[[ Source data open ]]

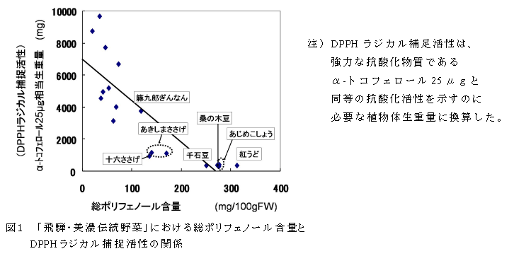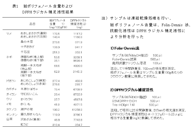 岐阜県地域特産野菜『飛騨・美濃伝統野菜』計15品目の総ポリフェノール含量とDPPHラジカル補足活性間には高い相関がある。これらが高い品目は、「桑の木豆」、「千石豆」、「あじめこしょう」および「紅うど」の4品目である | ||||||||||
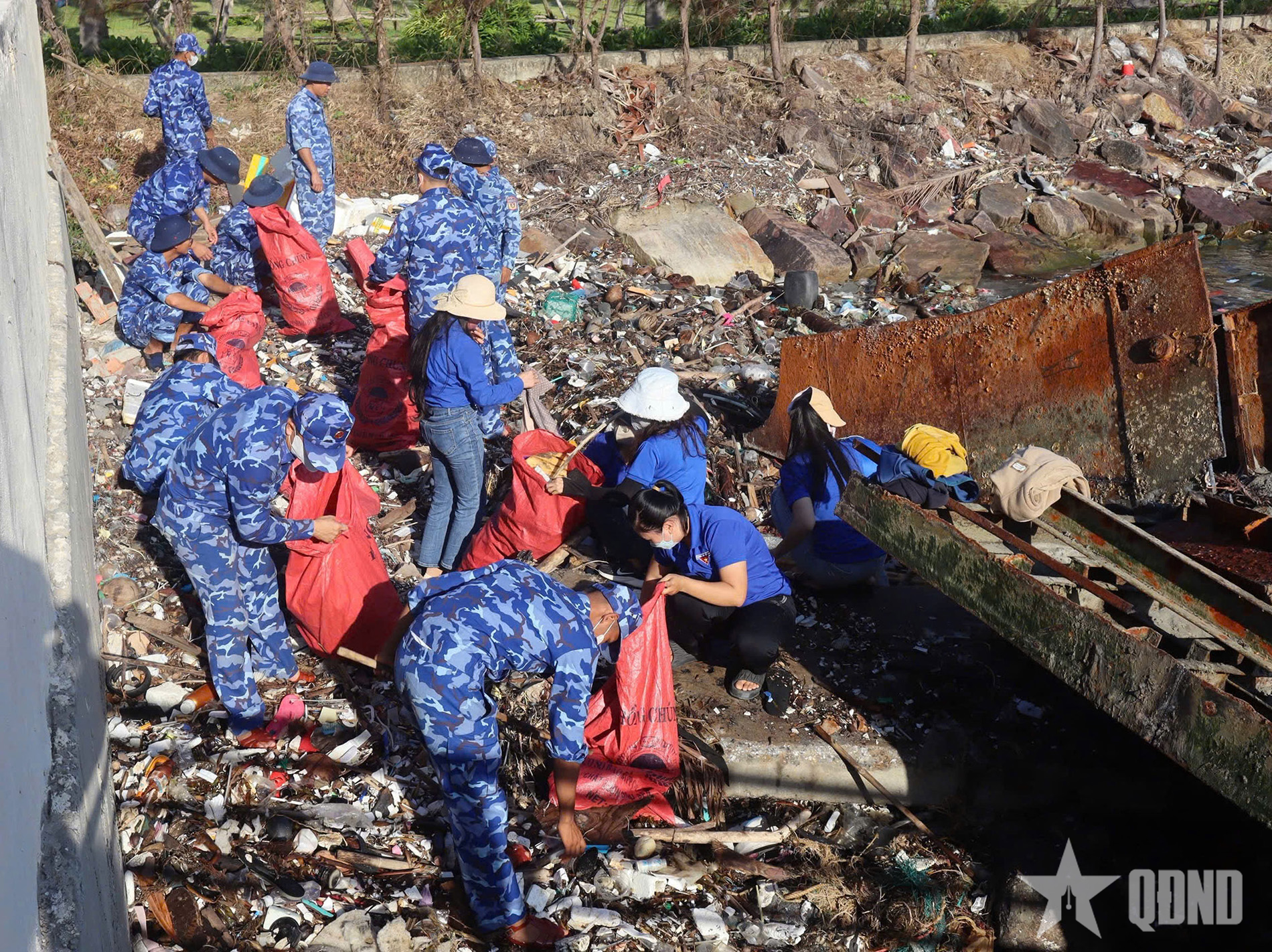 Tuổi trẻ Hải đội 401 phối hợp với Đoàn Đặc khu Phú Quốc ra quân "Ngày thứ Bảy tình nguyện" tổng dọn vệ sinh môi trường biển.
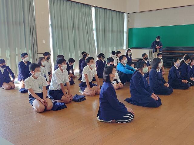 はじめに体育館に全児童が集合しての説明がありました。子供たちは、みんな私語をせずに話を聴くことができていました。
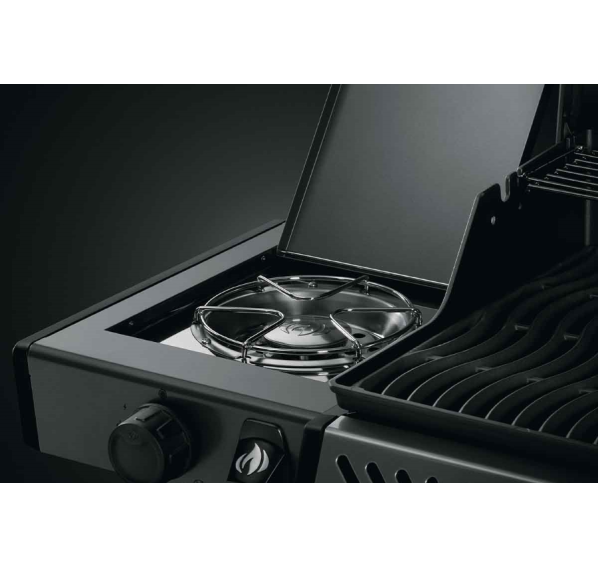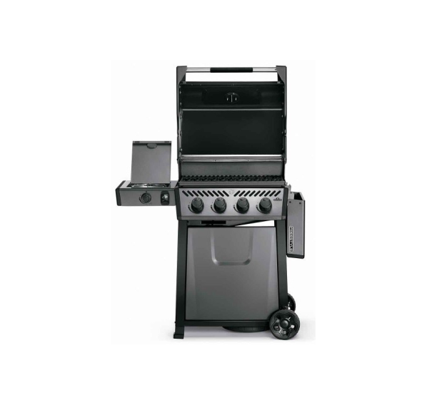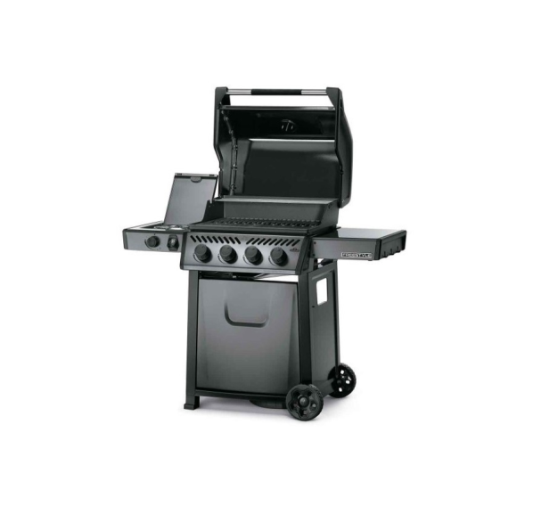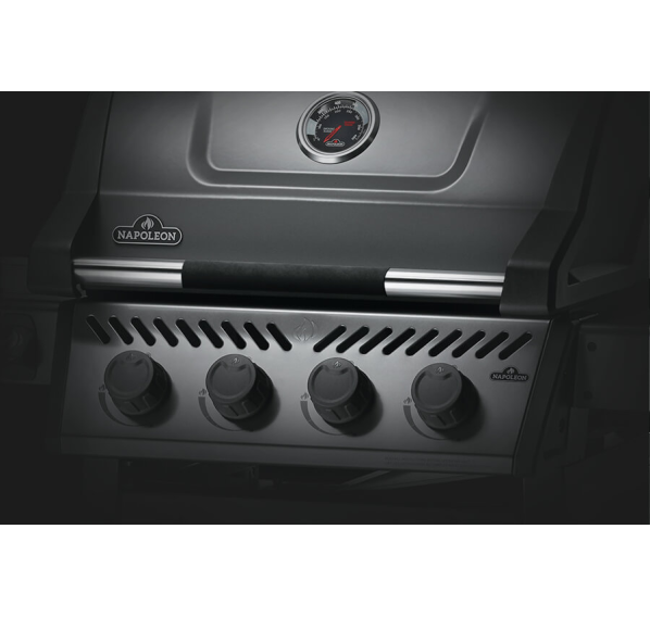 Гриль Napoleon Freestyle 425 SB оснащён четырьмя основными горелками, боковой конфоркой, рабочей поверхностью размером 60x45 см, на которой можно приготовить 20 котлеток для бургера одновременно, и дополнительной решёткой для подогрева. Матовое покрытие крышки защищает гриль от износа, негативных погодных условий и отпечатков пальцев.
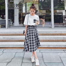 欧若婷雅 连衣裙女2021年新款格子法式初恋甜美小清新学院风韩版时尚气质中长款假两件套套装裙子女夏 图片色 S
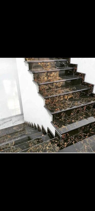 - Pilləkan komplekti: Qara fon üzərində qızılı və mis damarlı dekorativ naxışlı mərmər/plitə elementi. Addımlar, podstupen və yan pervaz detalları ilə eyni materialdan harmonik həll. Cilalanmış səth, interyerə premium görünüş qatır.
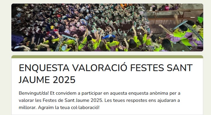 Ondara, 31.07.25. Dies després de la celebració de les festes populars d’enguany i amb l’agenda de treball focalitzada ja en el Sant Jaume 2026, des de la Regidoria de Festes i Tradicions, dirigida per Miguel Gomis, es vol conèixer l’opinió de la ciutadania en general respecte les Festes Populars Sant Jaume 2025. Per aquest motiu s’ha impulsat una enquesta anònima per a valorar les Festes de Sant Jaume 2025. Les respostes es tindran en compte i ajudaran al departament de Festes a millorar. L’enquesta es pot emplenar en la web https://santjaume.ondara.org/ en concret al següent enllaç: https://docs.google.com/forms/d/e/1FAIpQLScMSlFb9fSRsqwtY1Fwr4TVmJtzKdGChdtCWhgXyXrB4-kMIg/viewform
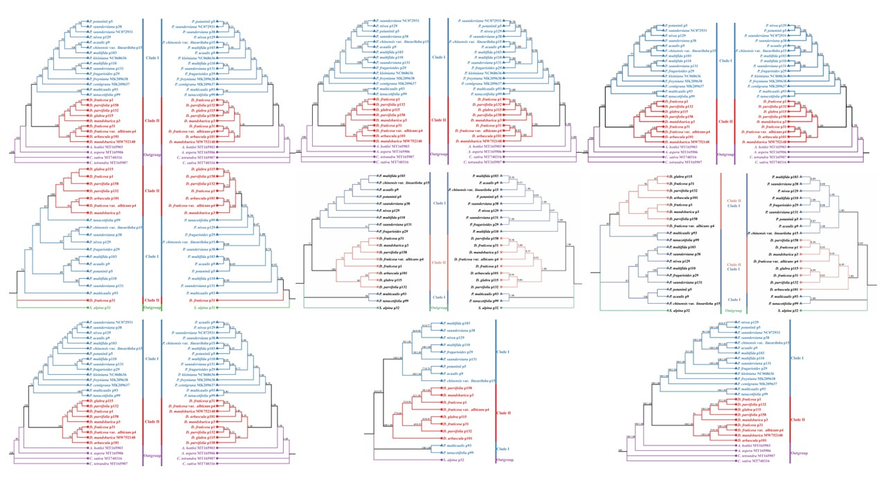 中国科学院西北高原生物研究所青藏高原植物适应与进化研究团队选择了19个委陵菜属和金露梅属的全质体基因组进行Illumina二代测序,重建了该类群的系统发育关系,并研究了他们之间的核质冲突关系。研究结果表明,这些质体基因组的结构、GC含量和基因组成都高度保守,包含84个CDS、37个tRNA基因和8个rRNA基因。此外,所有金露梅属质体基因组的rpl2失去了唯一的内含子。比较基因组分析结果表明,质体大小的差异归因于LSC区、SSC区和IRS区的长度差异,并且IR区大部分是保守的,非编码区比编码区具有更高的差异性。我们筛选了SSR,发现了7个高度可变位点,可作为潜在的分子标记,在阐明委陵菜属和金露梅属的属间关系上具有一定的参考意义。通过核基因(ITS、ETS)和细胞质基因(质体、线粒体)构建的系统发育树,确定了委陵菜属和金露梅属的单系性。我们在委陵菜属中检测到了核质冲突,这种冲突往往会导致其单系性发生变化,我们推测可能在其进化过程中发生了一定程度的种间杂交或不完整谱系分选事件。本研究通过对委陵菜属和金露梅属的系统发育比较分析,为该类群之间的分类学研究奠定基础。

[[ Source data closed ]]

Your instructions
Leaving every picture out, write out exactly the lines from the beginning of the listing above to the line with "はじめに体育館に全児童が集合", inclusive.

Output of the task
 岐阜県地域特産野菜『飛騨・美濃伝統野菜』計15品目の総ポリフェノール含量とDPPHラジカル補足活性間には高い相関がある。これらが高い品目は、「桑の木豆」、「千石豆」、「あじめこしょう」および「紅うど」の4品目である | ||||||||||
 Tuổi trẻ Hải đội 401 phối hợp với Đoàn Đặc khu Phú Quốc ra quân "Ngày thứ Bảy tình nguyện" tổng dọn vệ sinh môi trường biển.
 はじめに体育館に全児童が集合しての説明がありました。子供たちは、みんな私語をせずに話を聴くことができていました。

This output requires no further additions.